Over just the last few months, multiple programs in the United States have either launched or being passed that provide an unprecedented level of funding to help accelerate the adoption of cleaner, quieter, electric commercial and industrial vehicles. First and foremost, awards have been announced for the first year of funding from the approximately $7 billion dedicated to zero emission transit buses and school buses that was approved as part of the Bipartisan Infrastructure Law of 2021. On electric transit buses, recipients of funding from the Low or No Emission Vehicle Program were announced in August with $829 million explicitly dedicated to zero emission buses and related infrastructure, suggesting significant growth in orders across the industry over the next few quarters. Importantly, another batch of around $800 million in awards will be announced again next year and, for that matter, each year through 2026.
Separately, on electric school buses, recipients of the first year of funding from the EPAs new Clean School Bus program were announced last week.
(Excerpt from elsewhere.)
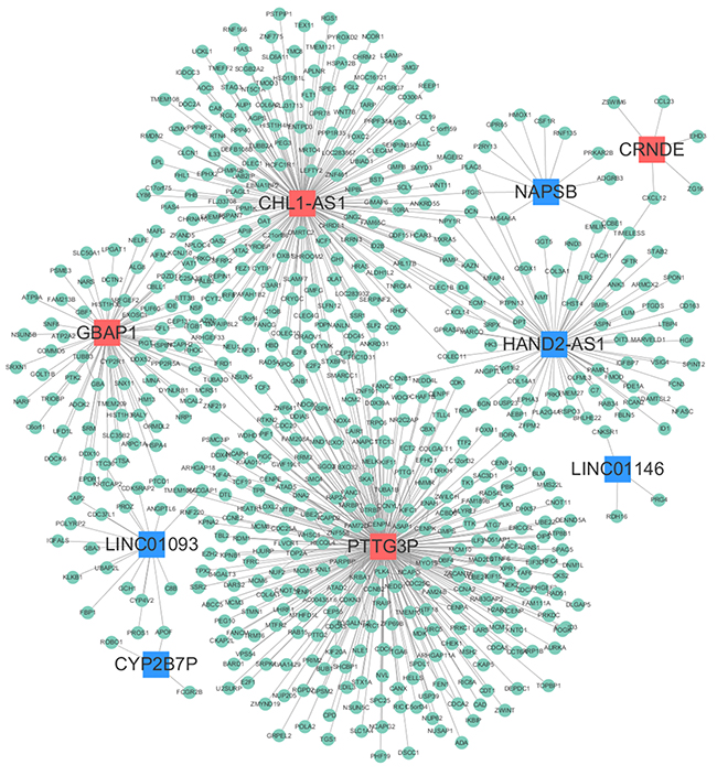 Figure 2: LncRNA-mRNA co-expression network. Red nodes represent up-regulated lncRNAs, blue nodes represent down-regulated lncRNAs, and green nodes represent mRNAs.

For this first batch of $965 million of awards for fiscal year 2022, the EPA received applications for more than $4 billion, totaling 12,000 electric school buses. And though as much as 50% of the awards could have been given to low emission buses like propane, 95% of the vehicles that were awarded funding were electric school buses. In total, about $900 million was awarded for the purchase of more than 2,350 electric school buses spanning all 50 states plus Puerto Rico. Recipients must use this funding to order a bus by April 2023 and the bus must be delivered before October 2024. And we expect up to another $1 billion of funding out of this $5 billion program to be released in 2023.
Now, beyond this funding dedicated to zero emission transit and school buses, the new Inflation Reduction Act passed in August 2022 provides an even greater level of funding to support the electrification of other commercial vehicles from delivery vans to Class 8 trucks to off-highway vehicles. The [set] piece of this legislation for our industry is the Commercial Clean Vehicle Credit of up to 30% of the price of new zero emission Class 4 to Class 8 commercial vehicles up to a maximum of $40,000 per vehicle. When this credit goes into effect in 2023, we expect it to be transformational for electric commercial or industrial vehicle demand. Unlike passenger vehicles, as many of you know, commercial vehicle demand is significantly driven by vehicle capability and total cost of ownership. Additionally, new state regulations in California and New York will ban the sale of internal combustion medium and heavy-duty trucks by 2045, and now the Commercial Clean Vehicle Credit should help make the total cost of ownership of electric trucks and commercial vehicles even more competitive with diesel.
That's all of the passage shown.